## What is expected
The data below is to be written out exactly, with no pictures.

## Dataset content
________________

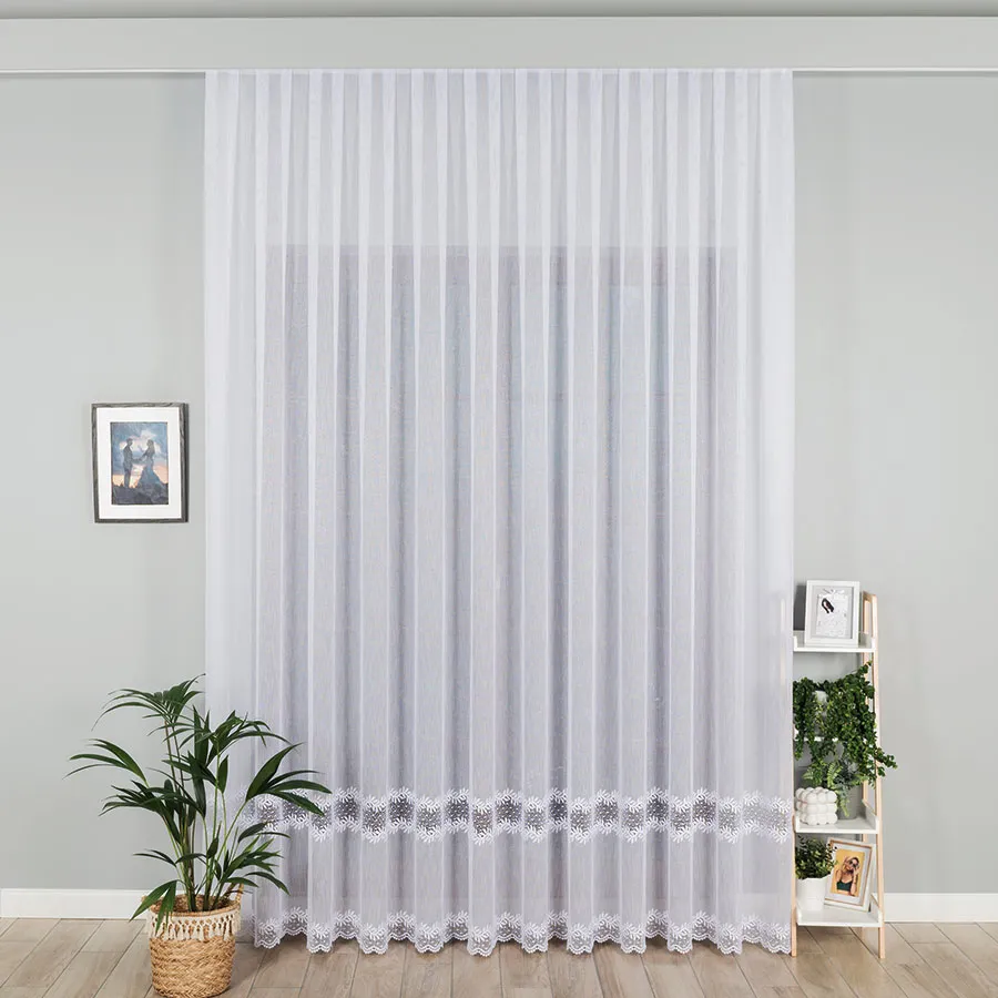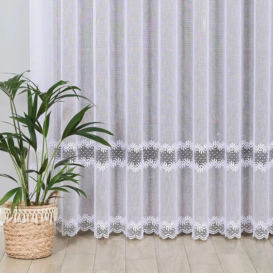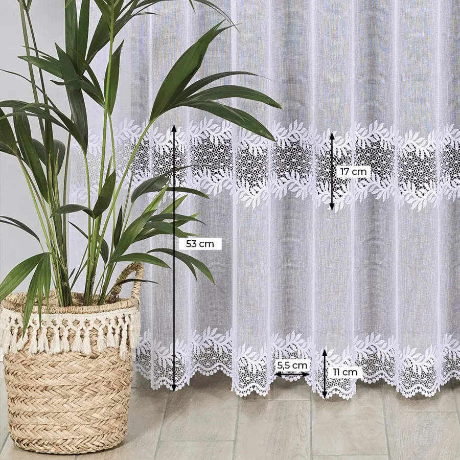 Zależy nam na zadowoleniu Klienta, dlatego wybieramy jedynie najwyższej jakości produkty polskich i zagranicznych producentów. Firanka z aplikacją gipiurową ucinana lub szyta na indywidualne zamówienie! Nie jest to produkt gotowy, dlatego nie ma możliwości odstąpienia od umowy (zwrotu, ani wymiany), dlatego prosimy o przemyślane zakupy.
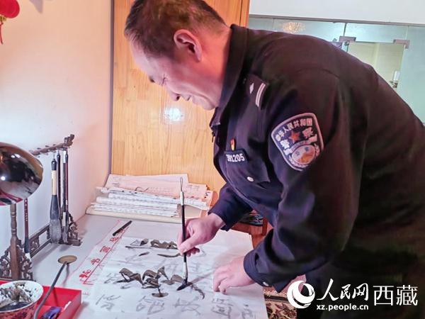 李振華在練習(xí)書(shū)法。 人民網(wǎng) 李海霞攝
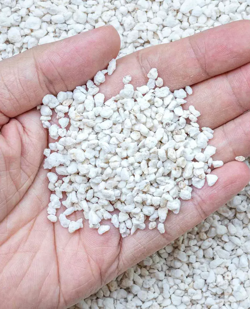 Perlite is primarily composed of silica (SiO2), along with smaller amounts of aluminum oxide (Al2O3), sodium oxide (Na2O), potassium oxide (K2O), iron oxide (Fe2O3), magnesium oxide (MgO), and calcium oxide (CaO). These components are inert and contribute to perlite's beneficial properties for soil improvement.

________________

## Answer area
 Zależy nam na zadowoleniu Klienta, dlatego wybieramy jedynie najwyższej jakości produkty polskich i zagranicznych producentów. Firanka z aplikacją gipiurową ucinana lub szyta na indywidualne zamówienie! Nie jest to produkt gotowy, dlatego nie ma możliwości odstąpienia od umowy (zwrotu, ani wymiany), dlatego prosimy o przemyślane zakupy.
 李振華在練習(xí)書(shū)法。 人民網(wǎng) 李海霞攝
 Perlite is primarily composed of silica (SiO2), along with smaller amounts of aluminum oxide (Al2O3), sodium oxide (Na2O), potassium oxide (K2O), iron oxide (Fe2O3), magnesium oxide (MgO), and calcium oxide (CaO). These components are inert and contribute to perlite's beneficial properties for soil improvement.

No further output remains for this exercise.